Two Pointer Sliding Window

• Say length of each word is wl and we have wc words. total_len of substring = wl * wc
• Two pointer sliding window solution. Initialize a window [start, end] = [0, total_len-1]
• Now we slide through s and capture every substring. We then test if this substring is valid and meets our conditions.
• We prepare a frequency map of input words. We call it ctr.
• We initialize a dictionary called seen.
• Now we pick every word (called next_word) sequentially in our window. Note there will be only wc words each of length wl.

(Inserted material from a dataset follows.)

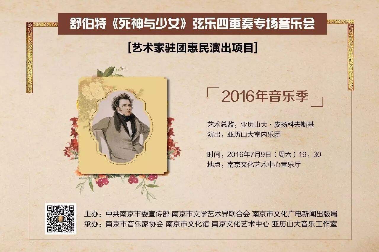 2016年乐团在中共南京市委宣传部的指导帮助下成立“南京亚历山大音乐工作室”,致力于创作、改编和演出一批经典室内乐作品,举办惠民演出季,并启动“驻团艺术家惠民演出”项目,让观众通过室内乐这种最容易接受和听懂的音乐形式,提高对古典音乐的鉴赏能力。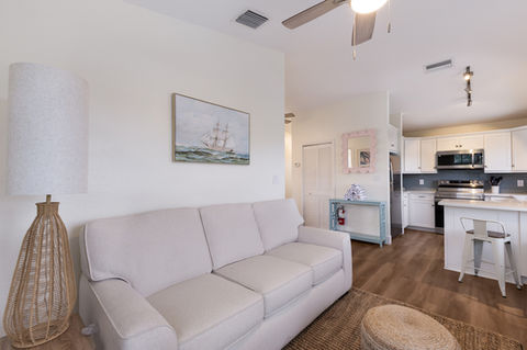 Step inside to find a bright, open living space with coastal décor, a fully equipped kitchen for easy meals, and a comfortable living room for movie nights after a day in the sun. Each bedroom features soft bedding and plenty of storage, and the updated bathroom is stocked with fresh towels and beach essentials.

• If next_word is not in ctr then we know the window is invalid. If it is, but the frequency in seen is already equal to the frequency in ctr, then we know we have an extra occurence of this word in the window and the window is invalid. Otherwise, we increment its frequency in seen.
• If every word in this window is valid, then the entire window is valid.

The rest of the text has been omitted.